*** Begin section ***

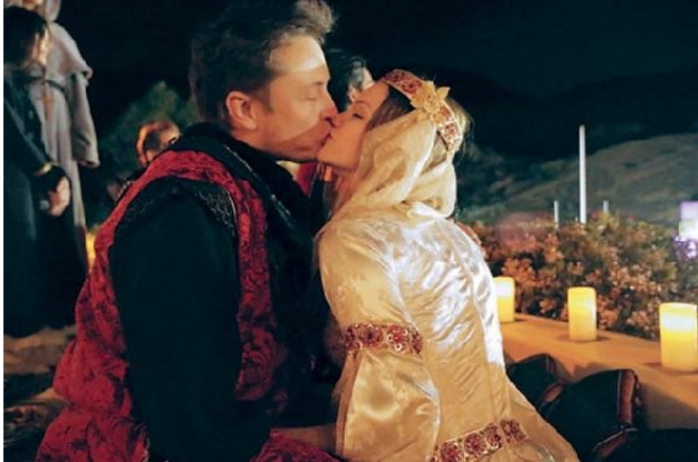
Musk married, divorced, remarried, and then divorced the actress Talulah Riley.
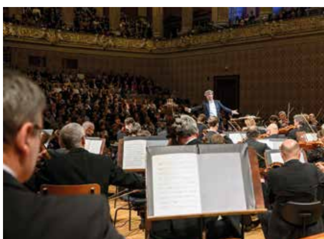
Concert Hall

26, 27 & 28 Feb Rudolfinum, Alšovo nábřeží embankment 79/12, Prague 1 – Old Town ceskafilharmonie.cz The programme features Beethoven's Fourth Symphony and First Piano Concerto along with a suite from the high Baroque opera Hippolyte and Aricie by Jean-Philippe Rameau. The Czech Philharmonic will accompany the phenomenal Austrian pianist Rudolf Buchbinder.
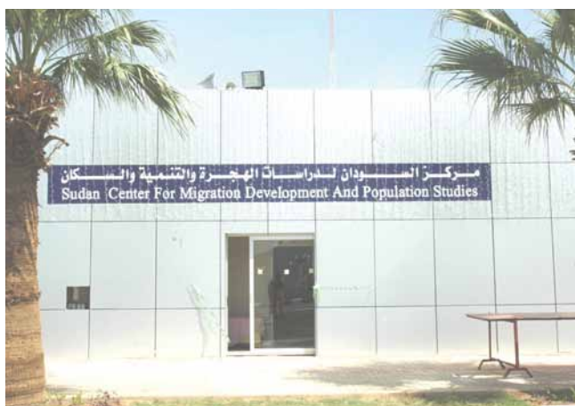
Inaugurated on 27 September 2009 the centre will collect manage and analyse migration data in a bid to help the Sudanese government manage migration

A Technical Working Group has been established to support the research. Made up of representatives from all government institutions involved in migration (such as the Ministry of Interior, the Ministry of Foreign Affairs, and the Ministry of Labour), as well as the Central Bureau of Statistics, this collaborative effort will help ensure the end result – the Migration Profile – will be accepted and owned by all institutions and used to develop appropriate migration policies. The Migration Profile should be available by July 2010.
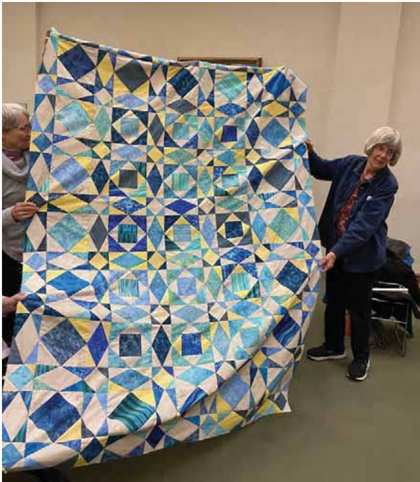
Carol Peck's Storm at Sea
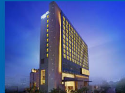
Vivanta by Taj, Gurgaon

CNBC Awaaz Real Estate Award 2013. NDTV Good Times Real Estate Company of the Year -2013 (M.P.) NDTV Property Awards 2014. Golden Brick Award 2016.
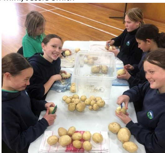
The senior class peeling potatoes...
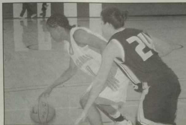
Right: A Clackamas player drives to the hoop in a game against Walla Walla Community College.
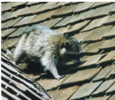
Figure 1. Raccoon on shingled roof.

Raccoons, with their black bandit mask and black- and brown-banded tail, are well known to Nebraskans (Figure 1). The word “raccoon” is derived from Native American words “arakum” or “aracoun,” meaning “he scratches with his hands.” Adult raccoons
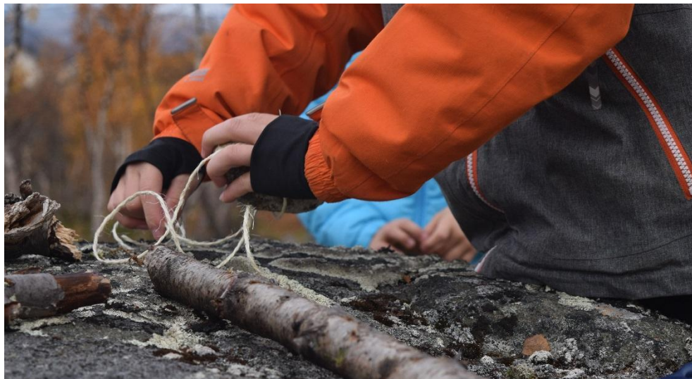
Fig. 37 and Fig. 38. Children working with the nature materials.

Some children found garbage from the surrounding areas, and instead of nature materials they used those to make a garbage mobile. This pointed out there is a lot of waste in the nature, even in national park area, and the pupils of this group wanted to do a wind mobile with an environmental statement.

*** End section ***

Please print every record above exactly, but leave the pictures out.

■ OUTPUT OF THE TASK
Musk married, divorced, remarried, and then divorced the actress Talulah Riley.
Concert Hall

26, 27 & 28 Feb Rudolfinum, Alšovo nábřeží embankment 79/12, Prague 1 – Old Town ceskafilharmonie.cz The programme features Beethoven's Fourth Symphony and First Piano Concerto along with a suite from the high Baroque opera Hippolyte and Aricie by Jean-Philippe Rameau. The Czech Philharmonic will accompany the phenomenal Austrian pianist Rudolf Buchbinder.
Inaugurated on 27 September 2009 the centre will collect manage and analyse migration data in a bid to help the Sudanese government manage migration

A Technical Working Group has been established to support the research. Made up of representatives from all government institutions involved in migration (such as the Ministry of Interior, the Ministry of Foreign Affairs, and the Ministry of Labour), as well as the Central Bureau of Statistics, this collaborative effort will help ensure the end result – the Migration Profile – will be accepted and owned by all institutions and used to develop appropriate migration policies. The Migration Profile should be available by July 2010.
Carol Peck's Storm at Sea
Vivanta by Taj, Gurgaon

CNBC Awaaz Real Estate Award 2013. NDTV Good Times Real Estate Company of the Year -2013 (M.P.) NDTV Property Awards 2014. Golden Brick Award 2016.
The senior class peeling potatoes...
Right: A Clackamas player drives to the hoop in a game against Walla Walla Community College.
Figure 1. Raccoon on shingled roof.

Raccoons, with their black bandit mask and black- and brown-banded tail, are well known to Nebraskans (Figure 1). The word “raccoon” is derived from Native American words “arakum” or “aracoun,” meaning “he scratches with his hands.” Adult raccoons
Fig. 37 and Fig. 38. Children working with the nature materials.

Some children found garbage from the surrounding areas, and instead of nature materials they used those to make a garbage mobile. This pointed out there is a lot of waste in the nature, even in national park area, and the pupils of this group wanted to do a wind mobile with an environmental statement.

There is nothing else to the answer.